You can compare Time Data Variables to each other or to a new value. When comparing to a new value, make sure to put the value in quotes.
Or you could compare two time variables to each other.
Along with Dates and Times, Wordsmith also recognizes DateTimes. DateTimes can be formatted just like Dates and Times.
Just like with Dates, you can us you can use Get functions to pull out one part of a date, like the day of the week, with DateTimes. Between functions to compare the time between two dates (i.e. how many days between two dates) and the Ahead/Ago functions to add or take away time from a date will work with DateTimes.
Timestamps in your data will be automatically recognized as a DateTimes in Wordsmith.
In addition to standard formatting for Date, Times and DateTimes shown in the sections above, Wordsmith provides you the ability toggle on or off custom formatting for all 3 of these data types. Custom Dates, Times, and DateTimes allow you the highest possible level of customization for your detailed Dates, Times, and DateTimes data.
Custom formatting uses strings of tokens and then replaces them with the corresponding values. Here is an example using 01/01/98 23:59:59 as a DateTimes data variable:
|Month||M||1 2 ... 11 12|
|Mo||1st 2nd ... 11th 12th|
|MM||01 02 ... 11 12|
|MMM||Jan Feb ... Nov Dec|
|MMMM||January February ... November December|
|Quarter||Q||1 2 3 4|
|Qo||1st 2nd 3rd 4th|
|Day of Month||D||1 2 ... 30 31|
|Do||1st 2nd ... 30th 31st|
|DD||01 02 ... 30 31|
|Day of Year||DDD||1 2 ... 364 365|
|DDDo||1st 2nd ... 364th 365th|
|DDDD||001 002 ... 364 365|
|Day of Week||d||0 1 ... 5 6|
|do||0th 1st ... 5th 6th|
|dd||Su Mo ... Fr Sa|
|ddd||Sun Mon ... Fri Sat|
|dddd||Sunday Monday ... Friday Saturday|
|Day of Week (Locale)||e||0 1 ... 5 6|
|Day of Week (ISO)||E||1 2 ... 6 7|
|Week of Year||w||1 2 ... 52 53|
|wo||1st 2nd ... 52nd 53rd|
|ww||01 02 ... 52 53|
|Week of Year (ISO)||W||1 2 ... 52 53|
|Wo||1st 2nd ... 52nd 53rd|
|WW||01 02 ... 52 53|
|Year||YY||70 71 ... 29 30|
|YYYY||1970 1971 ... 2029 2030|
|Y||1970 1971 ... 9999 +10000 +10001|
|Week Year||gg||70 71 ... 29 30|
|gggg||1970 1971 ... 2029 2030|
|Week Year (ISO)||GG||70 71 ... 29 30|
|GGGG||1970 1971 ... 2029 2030|
|Hour||H||0 1 ... 22 23|
|HH||00 01 ... 22 23|
|h||1 2 ... 11 12|
|hh||01 02 ... 11 12|
|k||1 2 ... 23 24|
|kk||01 02 ... 23 24|
|Minute||m||0 1 ... 58 59|
|mm||00 01 ... 58 59|
|Second||s||0 1 ... 58 59|
|ss||00 01 ... 58 59|
|Fractional Second||S||0 1 ... 8 9|
|SS||00 01 ... 98 99|
|SSS||000 001 ... 998 999|
|SSSS ... SSSSSSSSS||000[0..] 001[0..] ... 998[0..] 999[0..]|
True/False data, also called Booleans, is a type of data with only two options: True or False. Wordsmith will recognize data as True/False if all of the data for that Data Variable is either "true" or "false", "t" or "f", "yes" or "no", or "y" or "n".
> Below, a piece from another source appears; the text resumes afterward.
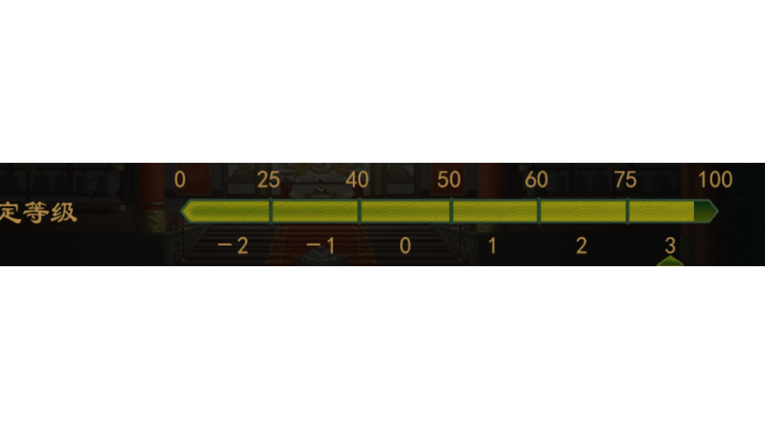 因为指标简单所以放在综合区更合适稳定:分6档0~25为-2 25~40为-1 40~50为0 50~60为1 60~75为2 75~100为3,稳定在-1及以下时,无法再施行新的政策稳定等级为3时,获得"明君盛也”:财政收入+15%、全国百姓生育+1%,全国粮食产量+15%,施政效率,还算是不错的buff,至少对新手来说还算不错影响因素:1实施政策:每正在实施一个政策-2 2朝臣能力:比如礼

An example of True/False data could be features of a product. Below is product data for different TVs. Wordsmith will recognize the wifi_capable Data Variable as True/False data. Y/n and yes/no are also recognized as True/False data, so smart_tv and hdmi_port would be True/False data types, as well.
You probably won't need to format True/False data, and will more likely be using it in Branches. Using the data in the example above, the Branch rules would be "wifi_capable = true", "smart_tv = true", or "hdmi_port = true".
Even if your data doesn't include "true" and "false", Wordsmith will recognize any "true" as TRUE. So "yes" is TRUE, "y" is TRUE, and "t" is TRUE. And the alternative works for "false": "no" is FALSE, "n" is FALSE, and "f" is FALSE. Because of that, you can use any of the functions below in your Branch and they will all mean the same thing.
If you would like to use false as a branch option, you would write "= false" in the Branch rule.